While the development of Generative AI is progressing rapidly, evaluating performance of these systems, especially in complex tasks like question-answering remains a significant challenge. This project demonstrates how to address this challenge through building and evaluating multiple Retrieval-Augmented Generation (RAG) Question-Answering bots using Vertex AI Model Garden and Galileo Evaluate.

Model Garden on Vertex AI is a single destination offering a selection of high-performing foundation models (FMs) from leading AI companies like Anthropic, Cohere, Meta, Stability AI, and Google through a single API. Vertex AI is a platform providing a broad set of capabilities to build predictive and generative AI applications on Google Cloud with security, privacy, and scalability in mind. 

Galileo Observe is a flexible module built on top of Galileo’s Evaluation Intelligence Platform. The module is used for monitoring LLM outputs in production, or ‘online evaluation’. For detecting common hallucinations that measure things like factuality, context adherence, toxicity, PII leakage, and bias, it leverages Luna, a suite of proprietary metrics and research-backed Evaluation Foundation Models. The Galileo LLM studio is also available on the Google Cloud Marketplace here.

Solution overview

We use a sample use case to illustrate the process by building a QA bot designed to answer questions based on a context derived from Wikipedia articles about Formula 1.

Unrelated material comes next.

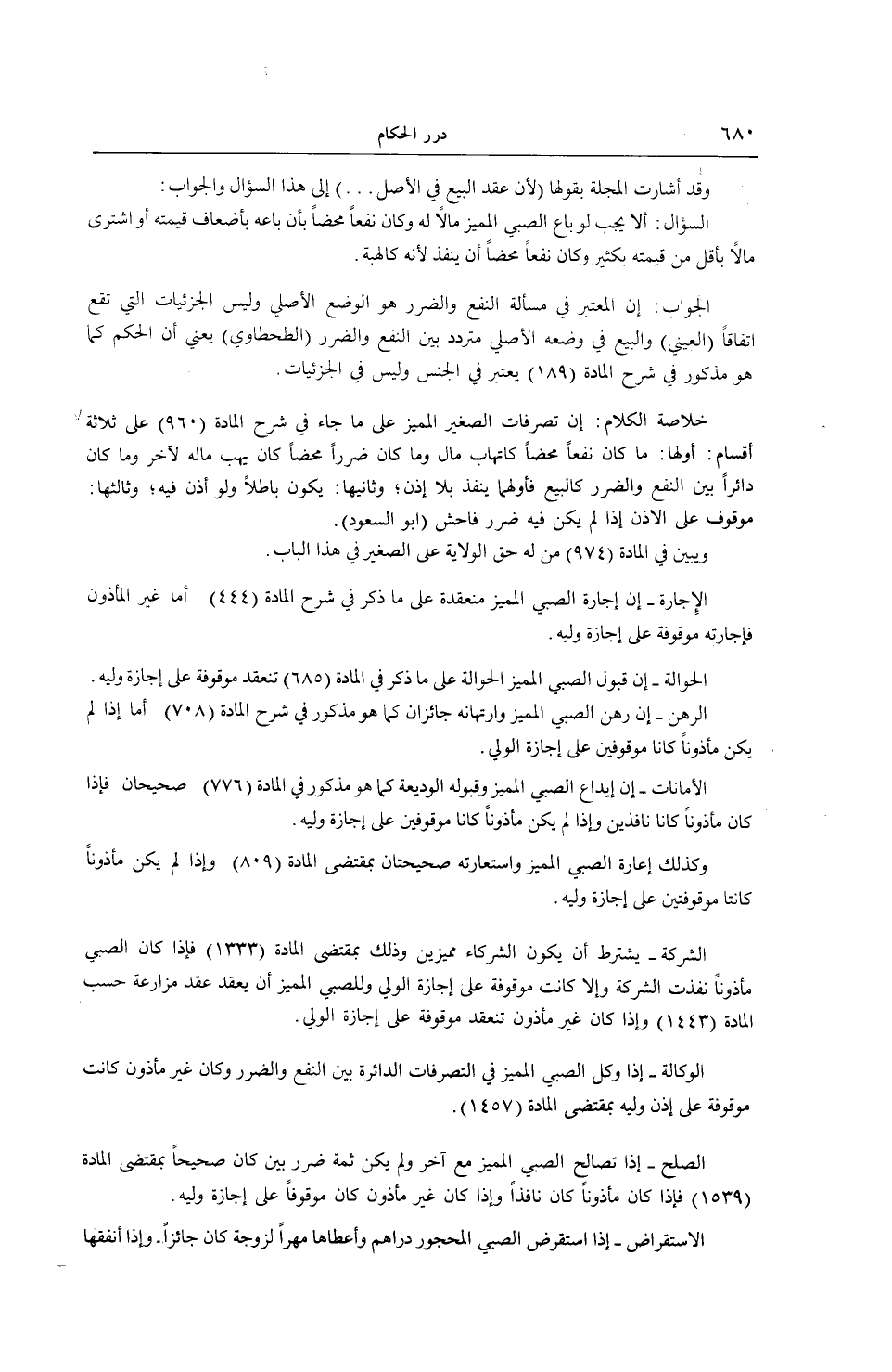 الْجَوَابُ: إنَّ الْمُعْتَبَرَ فِي مَسْأَلَةِ النَّفْعِ وَالضَّرَرِ هُوَ الْوَضْعُ الْأَصْلِيُّ وَلَيْسَ الْجُزْئِيَّاتُ الَّتِي تَقَعُ اتِّفَاقًا (الْعَيْنِيُّ) وَالْبَيْعُ فِي وَضْعِهِ الْأَصْلِيِّ مُتَرَدِّدٌ بَيْنَ النَّفْعِ وَالضَّرَرِ (الطَّحْطَاوِيُّ) يَعْنِي: أَنَّ الْحُكْمَ كَمَا هُوَ مَذْكُورٌ فِي شَرْحِ الْمَادَّةِ (189) يُعْتَبَرُ فِي الْجِنْسِ وَلَيْسَ فِي الْجُزْئِيَّاتِ خُلَاصَةُ الْكَلَامِ: أَنَّ تَصَرُّفَاتِ الصَّغِيرِ الْمُمَيِّزِ عَلَى مَا جَاءَ فِي شَرْحِ الْمَادَّةِ (960) عَلَى ثَلَاثَةِ أَقْسَامٍ:

The workflow includes the following steps:

  1. Load the data from your data source (eg. wikipedia in our case).
  2. Chunk the data as you would for your RAG application.
  3. Generate embeddings for each chunk and store them in a vector database.
  4. Define a list of questions for the bot.
  5. Define a list of models to be evaluated.
  6. Extract the relevant context from the vector database that answers the question.
  7. For each model, prompt the LLM with the question and context to get an answer.
  8. Log and upload the workflow for question -> context -> answer to Galileo Evaluate.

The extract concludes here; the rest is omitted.